A Study on Dental Implant Design, Surface Modification and the Efficiency of Peri-implantitis Disinfection by Laser Treatment

• Main Authors: Kuo, Hsien-Nan, 郭獻南
• Other Authors: Chou, Jyh-Horng
• Format: Others
• Language: en_US
• Published: 2018
• Online Access: http://ndltd.ncl.edu.tw/handle/57qsvk

博士 === 國立高雄第一科技大學 === 工學院工程科技博士班 === 106 === With the prosperity of dental implantation, the development of dental implant in the future is not only the implantation to restore the chewing function of missing teeth, but also paying more attentionto the aesthetics after implantation and the long-term stability of the implants. Moreover, the infection of the implants can be treated without hurting the microstructure of the implants to avoid losing the implant and bone integration function. In this dissertation, the studies were conducted ranging from the structure of implant materials to surface modification treatment, and disinfection and sterilization of implant lesions. This paper first makes a comprehensive analysis of the market, technology and clinical aspects of artificial roots. The second part is to study the addition of titanium dioxide (TiO2) to zirconia (ZrO2) materials. The main reason is that TiO2 is a biocompatible material and a key component good for bone integration as well. It also has good mechanical properties even sintered at low temperature.
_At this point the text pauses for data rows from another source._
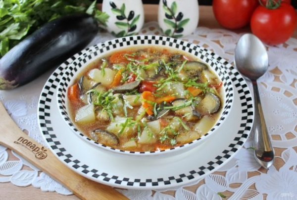 Армянский суп с баклажанами готов. Подавайте на обед.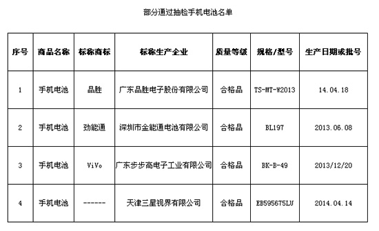 [摘要]天津市市場和質量監督管理委員會官網18日日發布的手機電池抽檢公告顯示,捷優 、百仕特 、萬達通等標稱品牌手機電池被檢出不合格。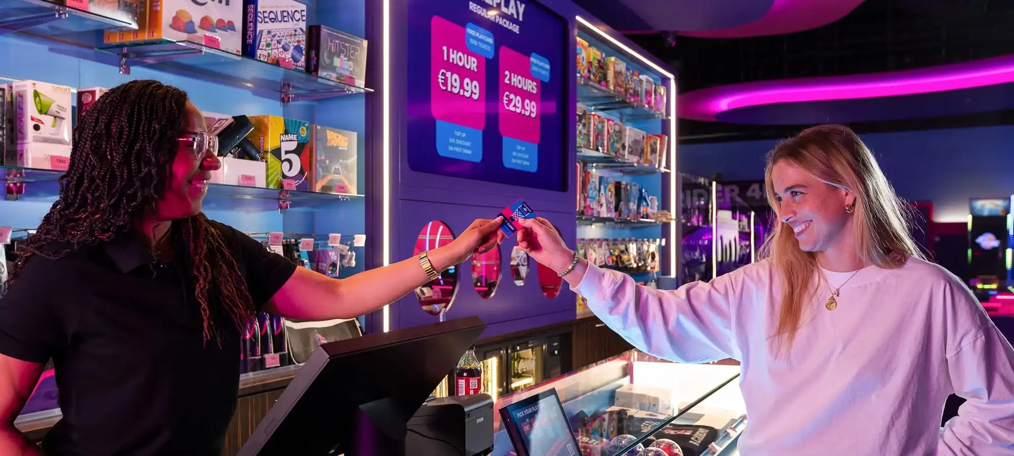 You can get and charge your Gamestate Playcard at the front desk or at one of the charging kiosks. You can also get your new playcard or recharge your existing playcard via our online webshop. - PLAY
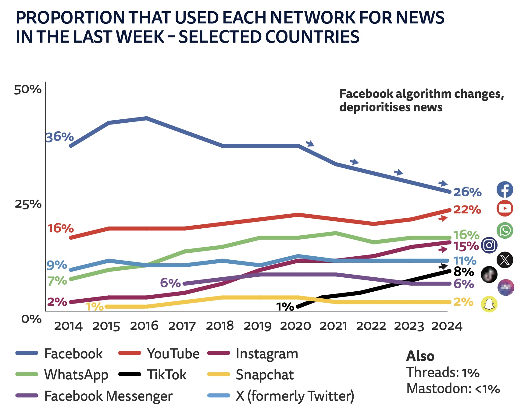 Facebook скоро может потерять звание самого популярного источника новостей среди соцсетей. 10 лет назад, в ходе аналогичного исследования, 36% опрошенных заявляли, что использовали эту соцсеть для чтения в течение последней недели. В последующие годы этот показатель поднимался выше 40%, но в 2020 году был изменен алгоритм соцсети, приоритет новостей в выдаче был снижен. С того времени популярность Facebook как новостного источника стала уверенно снижаться. В свежем исследовании показатель составляет 26%. Это еще первое место, но у других социальных платформ показатели, наоборот, уверенно растут.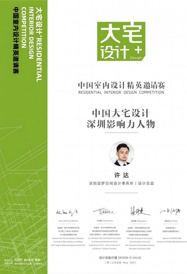 作为中国大宅设计城市杰出代表:深圳造梦空间设计事务所 设计总监--许达 荣获此殊荣!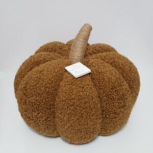 NEW RARE Large Pottery Barn Tobacco Cozy Pumpkin Pillow 9.5" diam, 14" h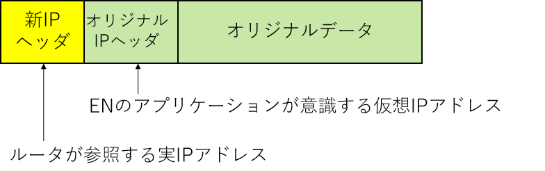 このパケットをデータとみなして、さらに実IPアドレスによるヘッダを追加します。

The experimental results showed that when the microwave sintering is in the range of 1150℃~1300℃, the Vickers hardness could be in the range of 125-300Hv, and it increases with increasing TiO2 and temperature. The mechanical properties of this material are suitable for dental implants and their attachment such as crowns. The third part is the study of surface treatment of dental implant, the biocompatible silane and peptide is applied to the sandblasted/etched titanium plate. The experimental results showed the microstructure surface made of the materials has better hydrophilicity which can facilitate cell proliferation and mineralization, therefore accelerates the integration and stabilization of the bone.The fourth part is to evaluate the sterilization rate by using the Er:YAG laser to irradiate the peri-implantitis microbial E. coli, and combines CT and 3D printer to make a solid model as an experimental platform, and use real implants subjected to a sterilization experiment, the result of 98.9% sterilization rate was obtained which was in line with the clinical implementation requirements.